Epilog

3.7K 237 87
                                    

“Kit! Bangun atau papi siram pakai air panas?” ancam papi dipagi buta.

Aku merenggangkan otot, melirik jam weker yang masih menunjukkan pukul tujuh pagi. Seriously? Aku libur hari ini, lantas kenapa papi heboh sekali. Biasanya dia akan tenang, membiarkanku tidur hingga siang—bahkan sore.

Aku menurut, turun dari ranjang menuju dapur. Daddy sudah duduk di sana, kepalanya masih tak seimbang hampir jatuh membentur meja karena ngantuk.

“Pagi, Dad,” sapaku lemah. Sesekali tanganku menutup mulut yang terus menguap. Aku lupa, semalam aku tidur jam berapa. Intinya sudah larut karena game baru yang dibelikan Paman Ohm.

Paman Ohm? Mataku membesar seketika, buru-buru aku beranjak ke ruang tamu menilik kalender di atas meja kecil sebelah sofa. Di sana, ada lingkaran tinta merah dengan keterangan ‘Wedding scene’. Ya Tuhan, kenapa aku bisa lupa hari ini. Pantas saja papi mengamuk.

“Sing, kenapa kau di sana? Mandi dan bersiaplah. Kita bisa telat nanti.” Omel papi yang terdengar ke ruang tamu.

“Dad, Paman Ohm menikah ...!” seruku mengahampiri daddy yang masih stay di kursi meja makan.

“Baru sadar? Apa otak kalian sudah kembali lagi?!” gerutu papi sembari berkacak pinggang memperhatikn kami berdua. “Cepat mandi atau terima akibatnya bila kita telat!” papi kembali mengancam lalu beranjak.

“Dad, apa kau melakukannya kasar tadi malam?” tanyaku lirih.

Papi menggeleng pelan dengan wajah cengonya. “Papimu menjadi lebih sensitif saat kembali dari rumah sakit.”

“Dia hamil?” seketika daddy langsung mendelik dan meninggalkanku sendirian.

Ada yang salah?

Pukul setengah delapan. Aku dan daddy berlari kecil mengahampiri papi yang sudah berdiri di samping mobil. Dia sangat tampan, setelan jas berwarna cokelat kulit terlihat sangat serasi dengan rambut pomade yang terlihat klemis itu.

Aku aku benar-benar terpanah oleh pesona papi.

“Cepat masuk mobil!” galaknya membuyarkan segala khayalanku. Ralat, aku tidak akan terpesona dengan papi yang galak.

“Lihatlah. Kau masih saja tidak bisa memakai dasi dengan benar!” Gerutu papi sembari membenarkan dasi daddy.

Jangan percaya. Daddy sedang berbohong dengan pura-pura salah mengenakan dasi. Tadi di dalam aku sudah hendak membantunya membenarkan tetapi dia larang lalu berkata, “Jangan, biar papimu saja.” Kemudian daddy menyengir aneh.

Papi sedang sibuk membenarkan dasi daddy. Lalu daddy tiba-tiba saja menerkam bibir merah muda papi dengan mesra. Aku bergidik dari dalam mobil berharap Tuhan mencongkel mataku saat ini. Sungguh, aku tidak kuat menyaksikan mereka bergumul dipagi hari.

Papi menepis tangan daddy yang neremas bokongnya lalu mendelik sangar. “Ada Kit, kau tidak malu?”

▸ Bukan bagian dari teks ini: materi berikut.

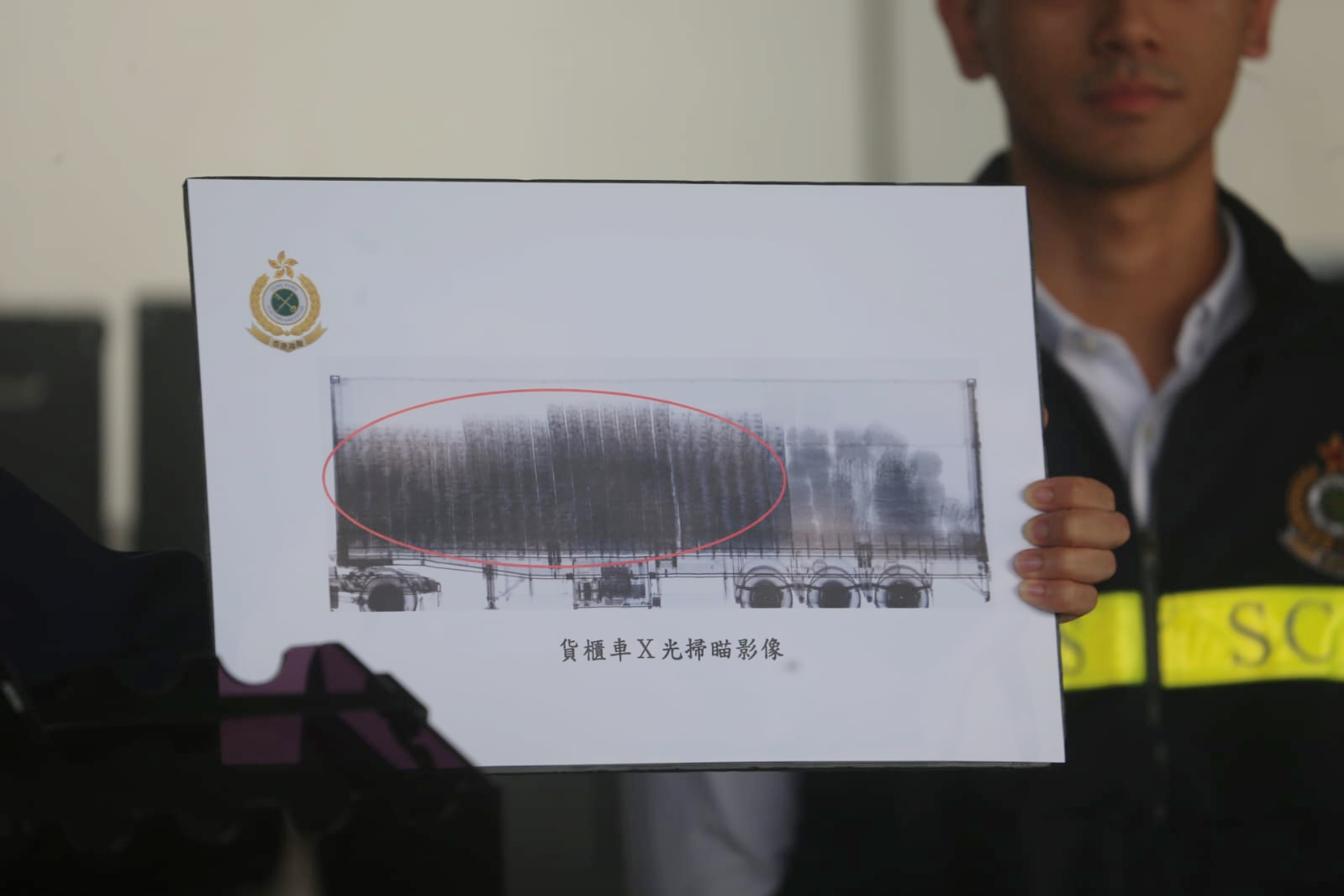 海關港口及海域科貨櫃貨物檢查組黎子康督察今日(4日)表示,6月28日透過風險管理和情報分析,鎖定一艘由香港出發到印度的遠洋船。根據資料顯示,船上一個40呎貨櫃報稱載有人造花,人員透過X光掃描發現有可疑影象,貨櫃中間和後半部分貨物的密度和形狀,與報稱的貨物並不脗合,相信載有兩種不同種類的貨物。

Kalau boleh jujur, sebenarnya aku yang malu melihat ini semua. Fix, aku akan lakukan hal yang sama pada Emma.

Aku dan dia sudah jadian kira-kira ... Ah, aku lupa sudah berapa lama. Dan itu yang membuatnya terus menjitak kepalaku ketika dia menyinggung tanggal jadian kami. Eh, tapi kami belum menikah. Apakah boleh? Baiklah, setelah selesai acara Paman Ohm aku akan mendaftar untuk menikahi Emma agar segera bisa memciumnya atau meremas bokong seperti yang daddy lakukan.

Semakin aku tumbuh dewasa, entah kenapa pemandangan seperti ini jauh lebih nikmat. Aku tidak mesum, buktinya aku selalu menolak film porno yang selalu Paman Ohm pamerkan padaku.